Internal engine friction and accessory frictional losses contribute to engine braking but not nearly as much as the power drag it takes to keep a pressure drop within the manifold when the thottle is closed. You can eliminate compression, because if the throttle is closed, there is very little to compress and even if there was, the trapped air/spring effect would pretty much equalize the effort......like a diesel!

So......think diesel engine.....no throttle, not much engine braking.....a "Jake Brake" is somewhat helpfull though!

John

[Greg Locock]

MAP with a closed throttle is at most -80 kPA, according to my gauge.
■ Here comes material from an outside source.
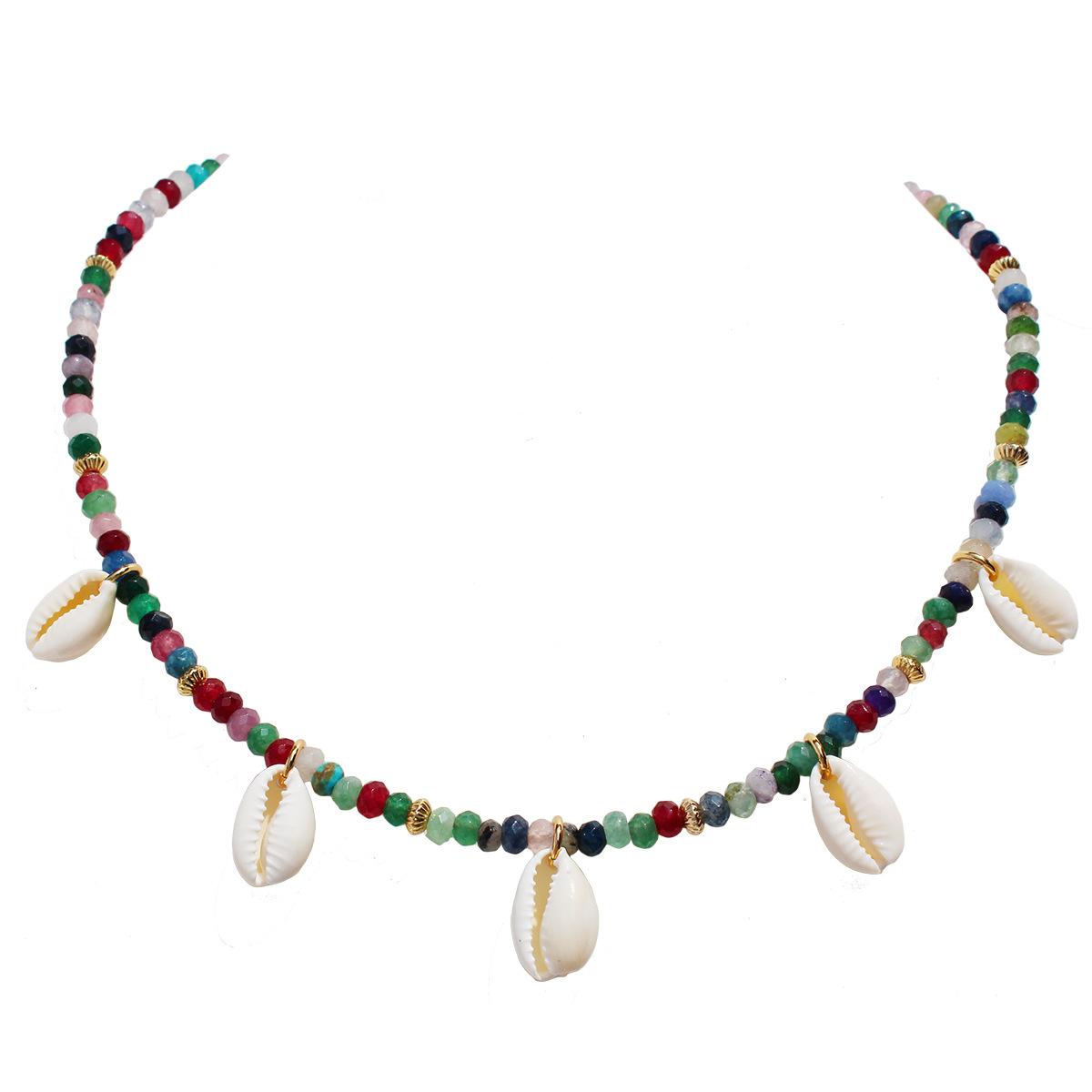 Ожерелье из бисера с ракушками цвета допамина и камнями «Ниш» для отпуска «Ветер» с натуральной ракушкой на ключицу 640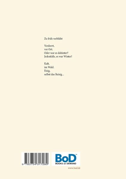 Zu früh verblühtVerdorrt,vor Ort.Oder war es dahinter?Jedenfalls, es war Winter!Kalt,im Wald.Eisig,selbst das Reisig...

So there is no air in the throttle to do any work on.

[NTSOS]

Greg, first, you have a small inlet oriface that is the throttle plate at idle. Then you have valve overlap...a direct link to outside air pressure via the exhaust valve. Each time an inlet valve opens, air trys to re-pressurize the inlet/plenum chamber especially when the throttle is closed. To achieve and maintain a pressure drop takes effort/work.....otherwise according to your reasoning, a vacuum pump would not need a motor to achieve or maintain a pressure drop.

John

[Greg Locock]

I agree about the overlap as a source of extra air, but, by direct measurement, not /much/ is getting back into the plenum. Wish I had a dyno!.

[NTSOS]

Wish I had a dyno!.

If you had an SI vehicle with a non-lockable steering column.........turn off the ignition at 50mph and keep you foot on the throttle......record 50 - 0 time.

Same thing with foot off the throttle.

A CI vehicle doesn't have a throttle......it also does not stop as well.

John

[J. Edlund]

Originally posted by Greg Locock
MAP with a closed throttle is at most -80 kPA, according to my gauge. So there is no air in the throttle to do any work on.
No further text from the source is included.